◆ Data shown ◆
--------------------------------------------------

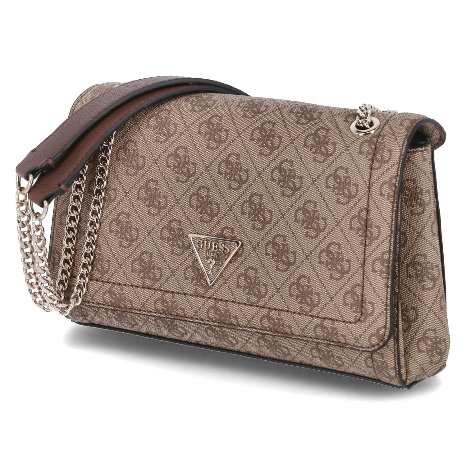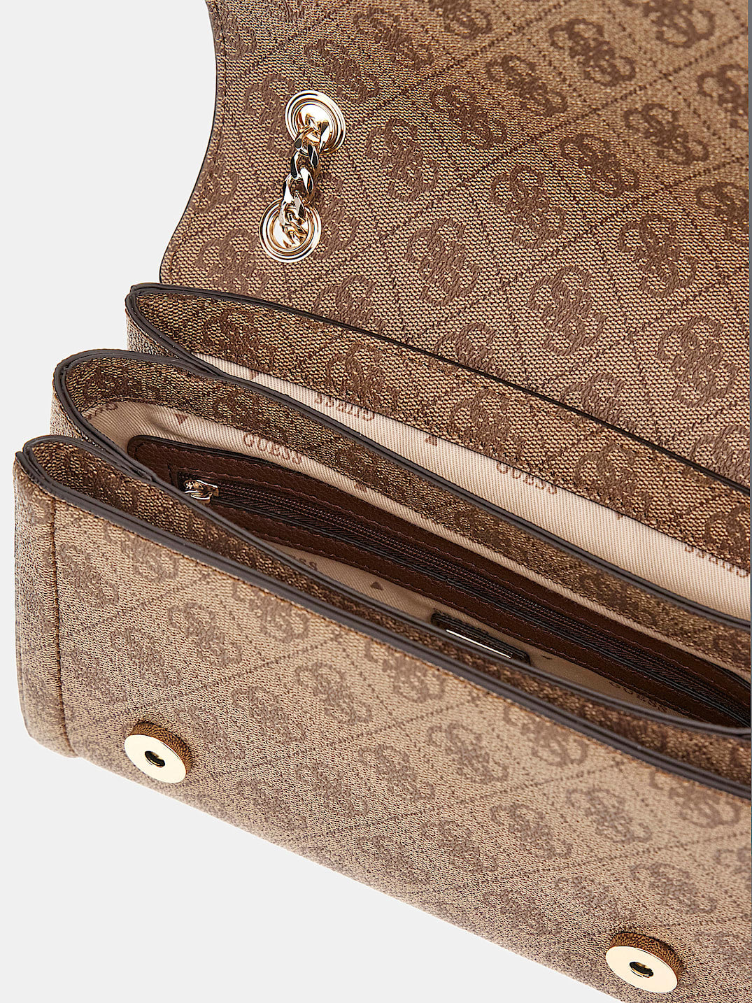 Questa borsa presenta un esterno in similpelle con chiusura a lembo e doppio bottone. L'hardware color oro aggiunge un tocco di eleganza, mentre la fodera con logo personalizzato e le tasche con zip interne ed esterne offrono praticità. Completa di logo frontale in metallo, è un must-have.
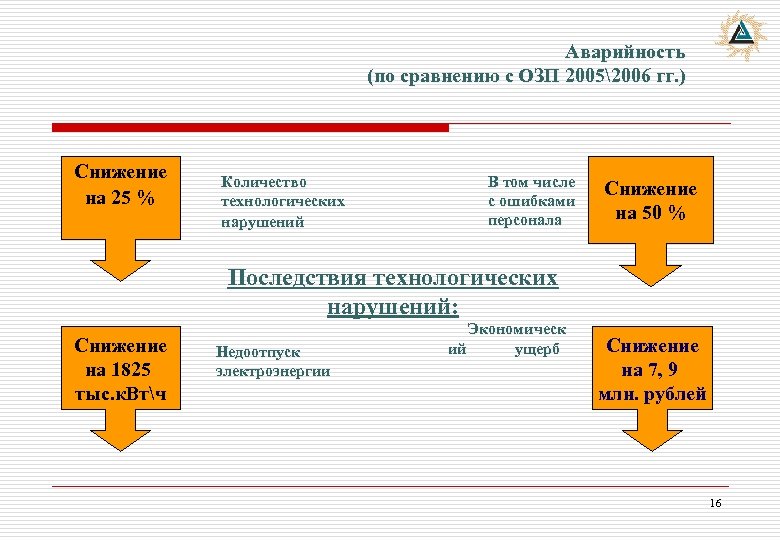 Аварийность (по сравнению с ОЗП 20052006 гг. ) Снижение на 25 % Количество технологических нарушений В том числе с ошибками персонала Снижение на 50 % Последствия технологических нарушений: Снижение на 1825 тыс. к. Втч Недоотпуск электроэнергии Экономическ ий ущерб Снижение на 7, 9 млн. рублей 16
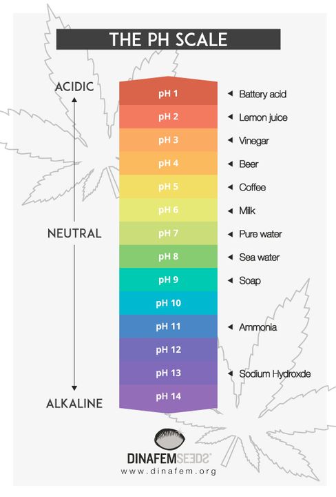 El pH se mide en una escala de 14 puntos de medida. Se considera que el pH es ácido si está situado entre 0 y 7, neutro si el valor es 7, y alcalino si se encuentra entre 7 y 14. El pH varia en función del sustrato utilizado, y es más sencillo controlarlo en un cultivo con tierra (sustrato tampón) que en un cultivo hidropónico (medio de cultivo más inestable que la tierra en el cual los elementos minerales interactuan de forma mucho más rápida).
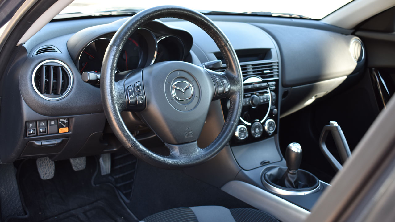 Το τιμόνι του Mazda RX-8 από την άλλη, είναι και αυτό γρήγορο, όχι όμως όσο του “S2k”, προσφέροντας πάντως καλύτερη αίσθηση. Το πεντάρι κιβώτιο έχει και αυτό μικρές και σαφείς διαδρομές αλλά και πάλι δεν φτάνει την αίσθηση του κιβωτίου της Honda. Η ανάρτησή του με διπλά ψαλίδια εμπρός και πολλαπλούς συνδέσμους πίσω κάνει εξαιρετική δουλειά και “παντρεύει” με επιτυχία άνεση και δυναμικά χαρακτηριστικά, δίνοντας έμφαση στο δεύτερο σκέλος. Η θέση οδήγησης είναι καλύτερη, λόγω περισσότερων ρυθμίσεων και σίγουρα το αυτοκίνητο σε κάνει να νιώθεις πιο άνετα και μπορείς να κινηθείς πολύ γρήγορα, με λιγότερη προσπάθεια από αυτήν που καταβάλεις στο Honda.
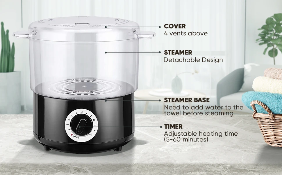 ☀Facile à nettoyer: conception fendue, le cuiseur à vapeur est séparé de la structure de base, il est plus pratique à nettoyer, et vous pouvez l’utiliser en toute confiance. Il suffit de pré-tremper la serviette, de la sécher, de la rouler, de placer la serviette sur le défroisseur amovible dans l’appareil et de démarrer l’appareil pour commencer à chauffer la serviette.
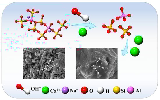 Additionally, based on the XRD diffraction analysis results (Figure 11) and Table 2, both IOT and GGBS contained substantial amounts of calcium. Alkali metal ions were known to disrupt the weaker -O-Al-O- bonds in aluminosilicate glass structures and increase the non-bridging oxygen, leading to reduced polymerization and increased reactivity [36,37]. In the alkaline environment provided by the alkali activator, the soluble silica on the surfaces of GGBS and IOT particles underwent dissolution and acted as nucleation sites [46]. As shown in Figure 16, a substantial quantity of [OH]- could disrupt the Si-O-Al-O-Si and Si-O-Si bonds within the aluminosilicate glass network, initiating the depolymerization of the glass matrix into [SiO4]4− and [AlO4]5− tetrahedrons while releasing a large amount of Ca2+ ions. Subsequently, Ca2+ ions combined with the depolymerized [SiO4]4− and [AlO4]5− tetrahedrons, ultimately forming the essential C-S-H gels and C-A-H that contributed significantly to the strength of the alkali-activated IOT bricks. As the reaction progressed further, IOT particles underwent fragmentation, leading to the formation of multiple smaller fragments. Consequently, the solution and small GGBS particles infiltrated the interior of the IOT particles, facilitating the continued generation of additional C-S-H gel. This phenomenon promoted enhanced interparticle bonding among the initially less reactive IOT particles, resulting in a further increase in the strength of the alkali-activated IOT bricks.
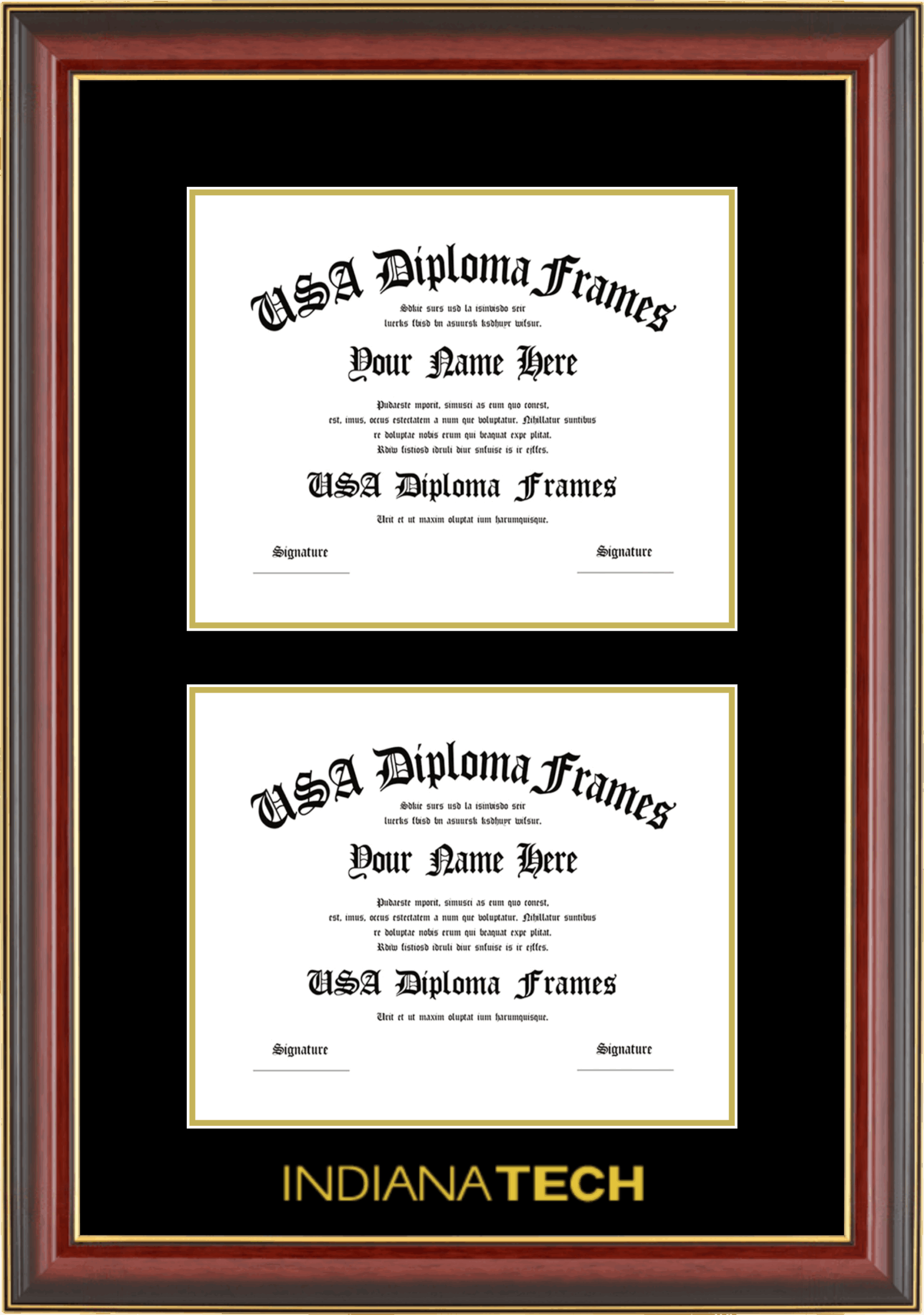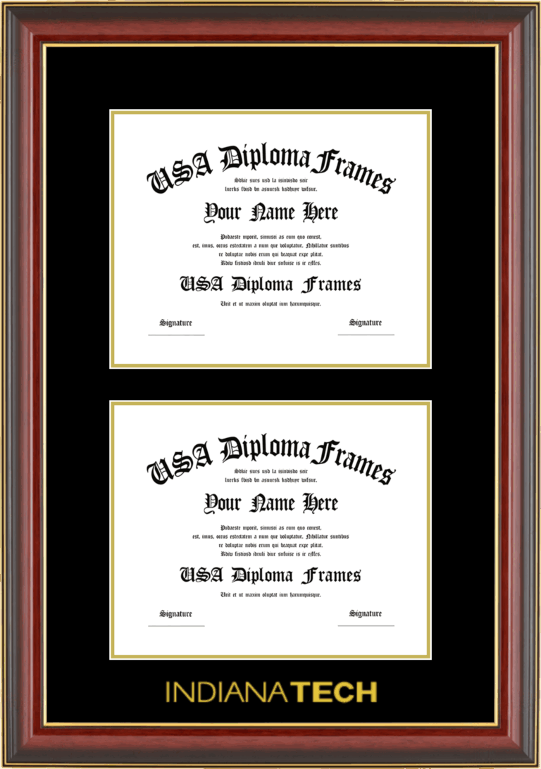 Indiana Tech Double Diploma Frame – Double Document – Cherry Mahogany Gold Trim Glossy – Black and Gold Mat

--------------------------------------------------

◆ Work task ◆
Transcribe the full listing above exactly as it stands, minus the pictures.

◆ Output of the exercise ◆
 Questa borsa presenta un esterno in similpelle con chiusura a lembo e doppio bottone. L'hardware color oro aggiunge un tocco di eleganza, mentre la fodera con logo personalizzato e le tasche con zip interne ed esterne offrono praticità. Completa di logo frontale in metallo, è un must-have.
 Аварийность (по сравнению с ОЗП 20052006 гг. ) Снижение на 25 % Количество технологических нарушений В том числе с ошибками персонала Снижение на 50 % Последствия технологических нарушений: Снижение на 1825 тыс. к. Втч Недоотпуск электроэнергии Экономическ ий ущерб Снижение на 7, 9 млн. рублей 16
 El pH se mide en una escala de 14 puntos de medida. Se considera que el pH es ácido si está situado entre 0 y 7, neutro si el valor es 7, y alcalino si se encuentra entre 7 y 14. El pH varia en función del sustrato utilizado, y es más sencillo controlarlo en un cultivo con tierra (sustrato tampón) que en un cultivo hidropónico (medio de cultivo más inestable que la tierra en el cual los elementos minerales interactuan de forma mucho más rápida).
 Το τιμόνι του Mazda RX-8 από την άλλη, είναι και αυτό γρήγορο, όχι όμως όσο του “S2k”, προσφέροντας πάντως καλύτερη αίσθηση. Το πεντάρι κιβώτιο έχει και αυτό μικρές και σαφείς διαδρομές αλλά και πάλι δεν φτάνει την αίσθηση του κιβωτίου της Honda. Η ανάρτησή του με διπλά ψαλίδια εμπρός και πολλαπλούς συνδέσμους πίσω κάνει εξαιρετική δουλειά και “παντρεύει” με επιτυχία άνεση και δυναμικά χαρακτηριστικά, δίνοντας έμφαση στο δεύτερο σκέλος. Η θέση οδήγησης είναι καλύτερη, λόγω περισσότερων ρυθμίσεων και σίγουρα το αυτοκίνητο σε κάνει να νιώθεις πιο άνετα και μπορείς να κινηθείς πολύ γρήγορα, με λιγότερη προσπάθεια από αυτήν που καταβάλεις στο Honda.
 ☀Facile à nettoyer: conception fendue, le cuiseur à vapeur est séparé de la structure de base, il est plus pratique à nettoyer, et vous pouvez l’utiliser en toute confiance. Il suffit de pré-tremper la serviette, de la sécher, de la rouler, de placer la serviette sur le défroisseur amovible dans l’appareil et de démarrer l’appareil pour commencer à chauffer la serviette.
 Additionally, based on the XRD diffraction analysis results (Figure 11) and Table 2, both IOT and GGBS contained substantial amounts of calcium. Alkali metal ions were known to disrupt the weaker -O-Al-O- bonds in aluminosilicate glass structures and increase the non-bridging oxygen, leading to reduced polymerization and increased reactivity [36,37]. In the alkaline environment provided by the alkali activator, the soluble silica on the surfaces of GGBS and IOT particles underwent dissolution and acted as nucleation sites [46]. As shown in Figure 16, a substantial quantity of [OH]- could disrupt the Si-O-Al-O-Si and Si-O-Si bonds within the aluminosilicate glass network, initiating the depolymerization of the glass matrix into [SiO4]4− and [AlO4]5− tetrahedrons while releasing a large amount of Ca2+ ions. Subsequently, Ca2+ ions combined with the depolymerized [SiO4]4− and [AlO4]5− tetrahedrons, ultimately forming the essential C-S-H gels and C-A-H that contributed significantly to the strength of the alkali-activated IOT bricks. As the reaction progressed further, IOT particles underwent fragmentation, leading to the formation of multiple smaller fragments. Consequently, the solution and small GGBS particles infiltrated the interior of the IOT particles, facilitating the continued generation of additional C-S-H gel. This phenomenon promoted enhanced interparticle bonding among the initially less reactive IOT particles, resulting in a further increase in the strength of the alkali-activated IOT bricks.
 Indiana Tech Double Diploma Frame – Double Document – Cherry Mahogany Gold Trim Glossy – Black and Gold Mat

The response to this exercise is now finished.